▶ ACTIVITY:
Each record that follows must be reproduced exactly.

▶ DATA PROVIDED:
※ ※ ※
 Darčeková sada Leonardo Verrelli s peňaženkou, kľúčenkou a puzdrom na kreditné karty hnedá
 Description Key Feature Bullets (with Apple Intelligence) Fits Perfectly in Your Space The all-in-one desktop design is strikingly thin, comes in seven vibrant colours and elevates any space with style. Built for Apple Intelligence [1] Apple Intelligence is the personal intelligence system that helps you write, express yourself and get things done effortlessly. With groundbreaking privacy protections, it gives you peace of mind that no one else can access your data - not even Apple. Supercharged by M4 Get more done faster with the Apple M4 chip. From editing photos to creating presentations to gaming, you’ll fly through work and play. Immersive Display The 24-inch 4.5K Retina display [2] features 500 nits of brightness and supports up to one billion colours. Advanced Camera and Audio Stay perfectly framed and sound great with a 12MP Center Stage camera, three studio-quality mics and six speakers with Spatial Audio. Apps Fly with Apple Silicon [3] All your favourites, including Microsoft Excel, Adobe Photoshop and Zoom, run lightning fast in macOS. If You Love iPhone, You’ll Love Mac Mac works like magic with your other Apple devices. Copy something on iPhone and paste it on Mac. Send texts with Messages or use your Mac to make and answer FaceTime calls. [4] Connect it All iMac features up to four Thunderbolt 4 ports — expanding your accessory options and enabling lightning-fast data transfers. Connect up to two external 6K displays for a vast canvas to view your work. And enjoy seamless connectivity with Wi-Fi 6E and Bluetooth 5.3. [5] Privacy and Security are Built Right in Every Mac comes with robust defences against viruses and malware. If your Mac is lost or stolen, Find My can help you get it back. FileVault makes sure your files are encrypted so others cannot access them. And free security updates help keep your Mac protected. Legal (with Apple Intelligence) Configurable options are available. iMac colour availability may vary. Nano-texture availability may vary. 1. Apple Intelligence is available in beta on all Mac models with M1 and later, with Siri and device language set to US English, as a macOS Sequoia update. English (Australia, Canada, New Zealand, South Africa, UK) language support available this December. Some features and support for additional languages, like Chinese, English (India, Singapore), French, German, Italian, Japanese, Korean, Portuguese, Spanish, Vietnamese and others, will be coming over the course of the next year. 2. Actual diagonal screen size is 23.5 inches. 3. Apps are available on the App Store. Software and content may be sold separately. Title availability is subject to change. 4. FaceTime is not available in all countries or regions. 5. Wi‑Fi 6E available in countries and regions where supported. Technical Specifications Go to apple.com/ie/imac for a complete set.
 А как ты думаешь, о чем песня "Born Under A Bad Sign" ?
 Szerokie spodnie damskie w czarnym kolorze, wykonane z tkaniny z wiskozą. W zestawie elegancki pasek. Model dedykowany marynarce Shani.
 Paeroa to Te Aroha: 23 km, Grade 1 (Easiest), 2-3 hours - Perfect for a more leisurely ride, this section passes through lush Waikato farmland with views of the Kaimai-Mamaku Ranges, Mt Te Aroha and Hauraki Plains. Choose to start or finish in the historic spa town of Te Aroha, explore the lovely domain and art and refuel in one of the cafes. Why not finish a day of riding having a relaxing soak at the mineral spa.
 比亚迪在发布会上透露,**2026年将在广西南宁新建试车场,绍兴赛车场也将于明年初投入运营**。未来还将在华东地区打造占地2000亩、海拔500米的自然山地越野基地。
※ ※ ※
▶ ANSWER SPACE:
 Darčeková sada Leonardo Verrelli s peňaženkou, kľúčenkou a puzdrom na kreditné karty hnedá
 Description Key Feature Bullets (with Apple Intelligence) Fits Perfectly in Your Space The all-in-one desktop design is strikingly thin, comes in seven vibrant colours and elevates any space with style. Built for Apple Intelligence [1] Apple Intelligence is the personal intelligence system that helps you write, express yourself and get things done effortlessly. With groundbreaking privacy protections, it gives you peace of mind that no one else can access your data - not even Apple. Supercharged by M4 Get more done faster with the Apple M4 chip. From editing photos to creating presentations to gaming, you’ll fly through work and play. Immersive Display The 24-inch 4.5K Retina display [2] features 500 nits of brightness and supports up to one billion colours. Advanced Camera and Audio Stay perfectly framed and sound great with a 12MP Center Stage camera, three studio-quality mics and six speakers with Spatial Audio. Apps Fly with Apple Silicon [3] All your favourites, including Microsoft Excel, Adobe Photoshop and Zoom, run lightning fast in macOS. If You Love iPhone, You’ll Love Mac Mac works like magic with your other Apple devices. Copy something on iPhone and paste it on Mac. Send texts with Messages or use your Mac to make and answer FaceTime calls. [4] Connect it All iMac features up to four Thunderbolt 4 ports — expanding your accessory options and enabling lightning-fast data transfers. Connect up to two external 6K displays for a vast canvas to view your work. And enjoy seamless connectivity with Wi-Fi 6E and Bluetooth 5.3. [5] Privacy and Security are Built Right in Every Mac comes with robust defences against viruses and malware. If your Mac is lost or stolen, Find My can help you get it back. FileVault makes sure your files are encrypted so others cannot access them. And free security updates help keep your Mac protected. Legal (with Apple Intelligence) Configurable options are available. iMac colour availability may vary. Nano-texture availability may vary. 1. Apple Intelligence is available in beta on all Mac models with M1 and later, with Siri and device language set to US English, as a macOS Sequoia update. English (Australia, Canada, New Zealand, South Africa, UK) language support available this December. Some features and support for additional languages, like Chinese, English (India, Singapore), French, German, Italian, Japanese, Korean, Portuguese, Spanish, Vietnamese and others, will be coming over the course of the next year. 2. Actual diagonal screen size is 23.5 inches. 3. Apps are available on the App Store. Software and content may be sold separately. Title availability is subject to change. 4. FaceTime is not available in all countries or regions. 5. Wi‑Fi 6E available in countries and regions where supported. Technical Specifications Go to apple.com/ie/imac for a complete set.
 А как ты думаешь, о чем песня "Born Under A Bad Sign" ?
 Szerokie spodnie damskie w czarnym kolorze, wykonane z tkaniny z wiskozą. W zestawie elegancki pasek. Model dedykowany marynarce Shani.
 Paeroa to Te Aroha: 23 km, Grade 1 (Easiest), 2-3 hours - Perfect for a more leisurely ride, this section passes through lush Waikato farmland with views of the Kaimai-Mamaku Ranges, Mt Te Aroha and Hauraki Plains. Choose to start or finish in the historic spa town of Te Aroha, explore the lovely domain and art and refuel in one of the cafes. Why not finish a day of riding having a relaxing soak at the mineral spa.
 比亚迪在发布会上透露,**2026年将在广西南宁新建试车场,绍兴赛车场也将于明年初投入运营**。未来还将在华东地区打造占地2000亩、海拔500米的自然山地越野基地。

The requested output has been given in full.